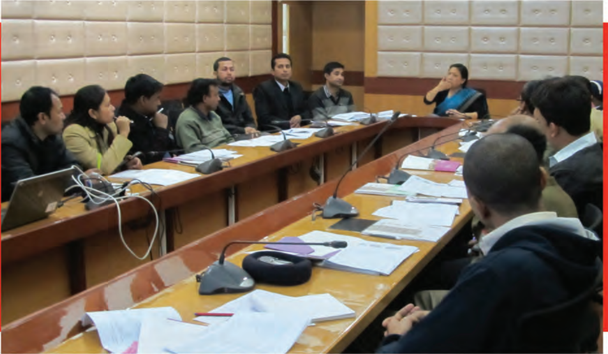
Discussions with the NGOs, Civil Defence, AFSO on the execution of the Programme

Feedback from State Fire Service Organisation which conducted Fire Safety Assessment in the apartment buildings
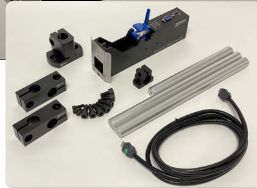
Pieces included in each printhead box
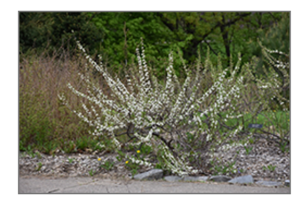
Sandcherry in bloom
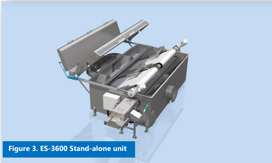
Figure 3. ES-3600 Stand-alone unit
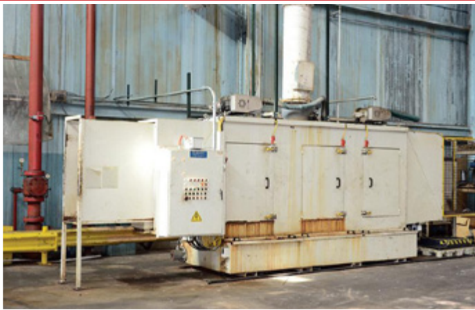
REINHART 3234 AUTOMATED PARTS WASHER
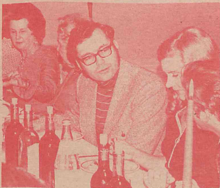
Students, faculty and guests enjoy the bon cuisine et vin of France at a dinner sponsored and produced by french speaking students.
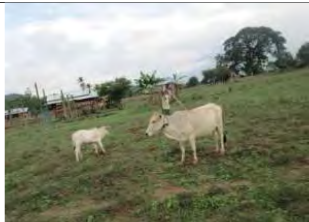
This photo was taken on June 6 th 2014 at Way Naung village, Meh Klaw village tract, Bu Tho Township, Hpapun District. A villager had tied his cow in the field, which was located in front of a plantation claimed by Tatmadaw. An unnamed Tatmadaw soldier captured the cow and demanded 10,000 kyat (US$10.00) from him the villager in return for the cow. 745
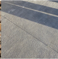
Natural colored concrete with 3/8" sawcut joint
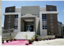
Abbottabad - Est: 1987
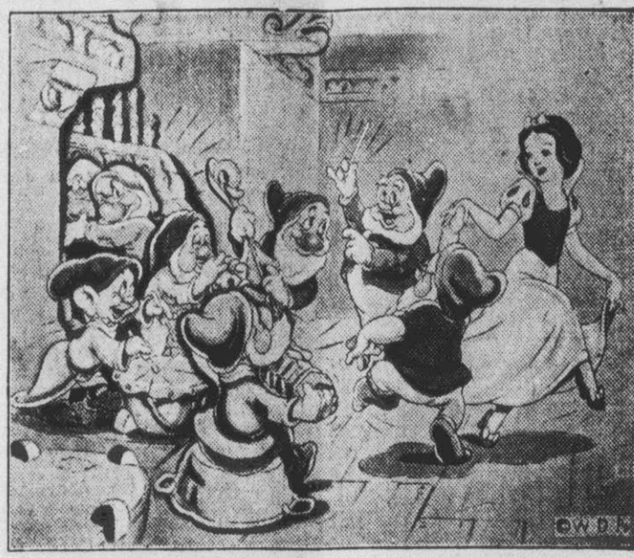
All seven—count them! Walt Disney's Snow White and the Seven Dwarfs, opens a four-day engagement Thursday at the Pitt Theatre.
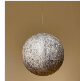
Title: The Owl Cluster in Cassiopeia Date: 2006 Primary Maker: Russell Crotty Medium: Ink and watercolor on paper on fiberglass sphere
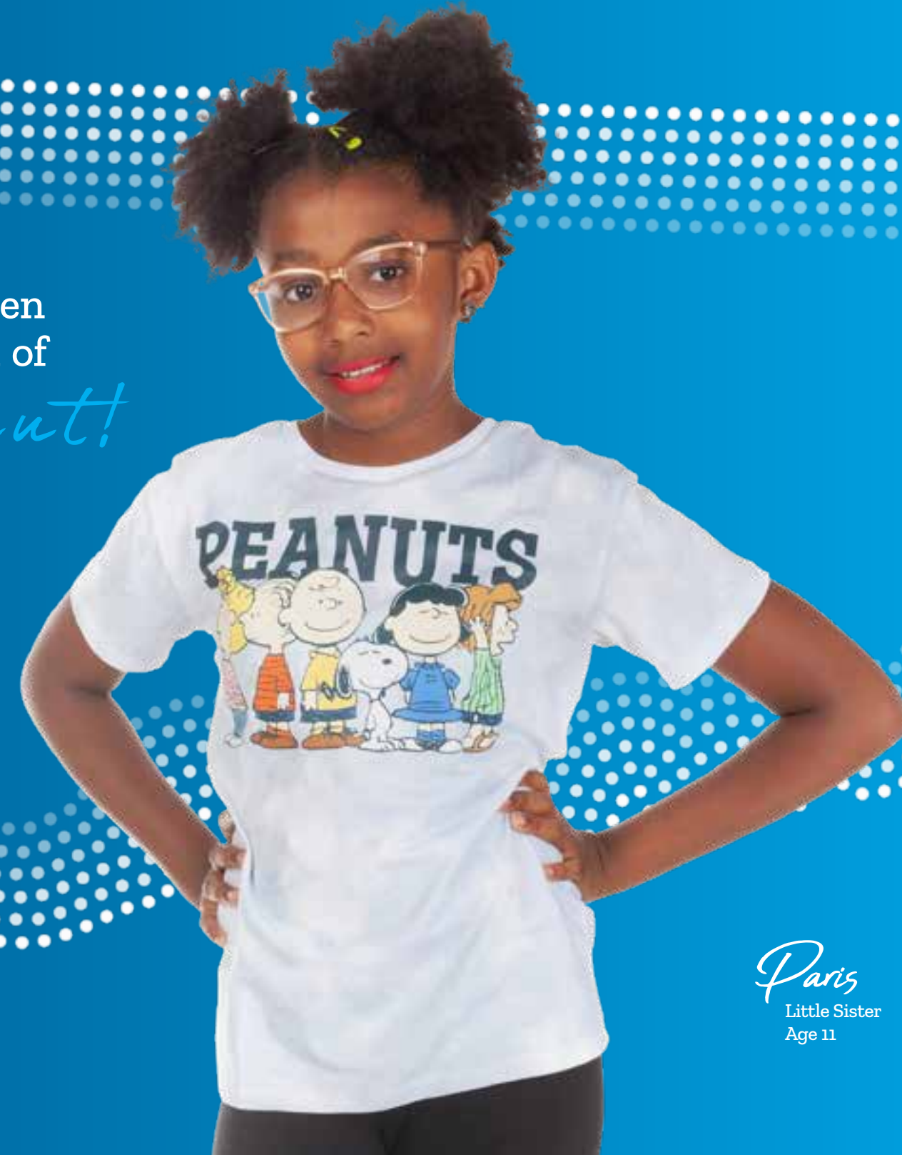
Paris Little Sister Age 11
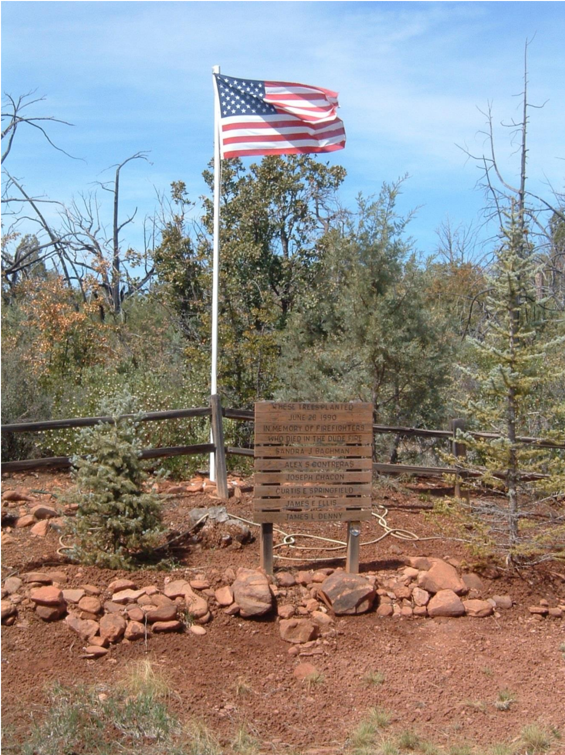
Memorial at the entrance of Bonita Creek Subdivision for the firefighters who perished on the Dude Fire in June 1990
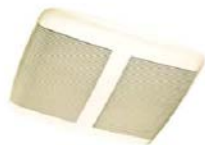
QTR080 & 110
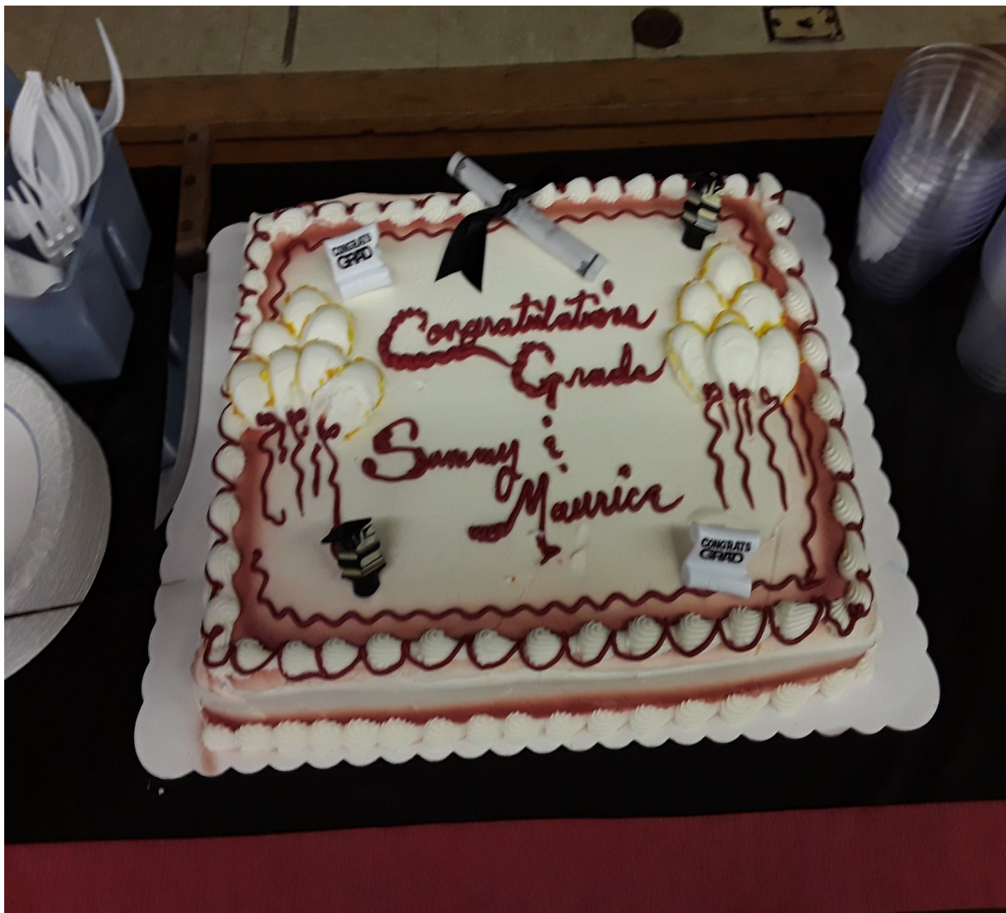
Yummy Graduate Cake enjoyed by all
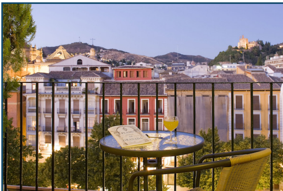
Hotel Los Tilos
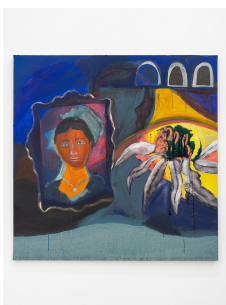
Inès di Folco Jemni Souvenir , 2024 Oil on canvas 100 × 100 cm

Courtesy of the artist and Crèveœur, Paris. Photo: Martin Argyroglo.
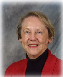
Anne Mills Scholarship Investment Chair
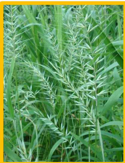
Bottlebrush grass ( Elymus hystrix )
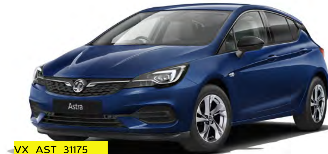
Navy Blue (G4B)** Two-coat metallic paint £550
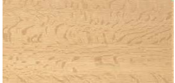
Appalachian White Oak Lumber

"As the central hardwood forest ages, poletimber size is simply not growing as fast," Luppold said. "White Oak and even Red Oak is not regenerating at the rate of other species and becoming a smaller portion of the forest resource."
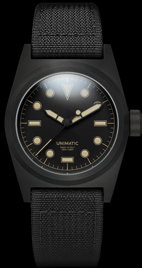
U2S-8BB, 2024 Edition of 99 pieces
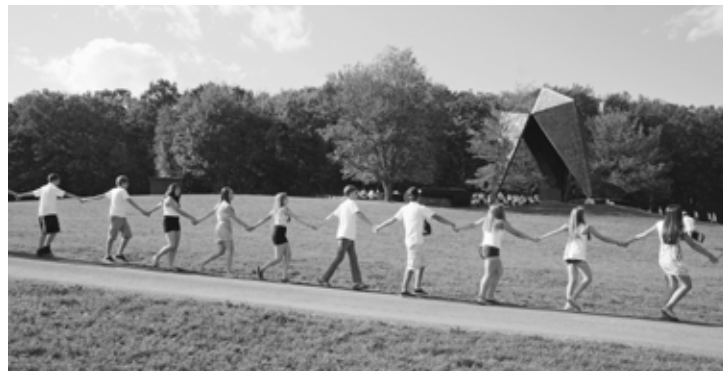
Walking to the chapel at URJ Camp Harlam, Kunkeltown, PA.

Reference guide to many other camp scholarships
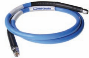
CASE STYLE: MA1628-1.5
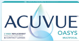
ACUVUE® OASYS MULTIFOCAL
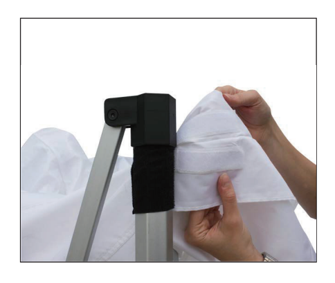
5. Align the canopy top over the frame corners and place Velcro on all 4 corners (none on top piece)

[TASK BRIEF]
Which lines of the records above hold the word "other"? Copy each of them.

[EXERCISE RESULT]
"As the central hardwood forest ages, poletimber size is simply not growing as fast," Luppold said. "White Oak and even Red Oak is not regenerating at the rate of other species and becoming a smaller portion of the forest resource."
Reference guide to many other camp scholarships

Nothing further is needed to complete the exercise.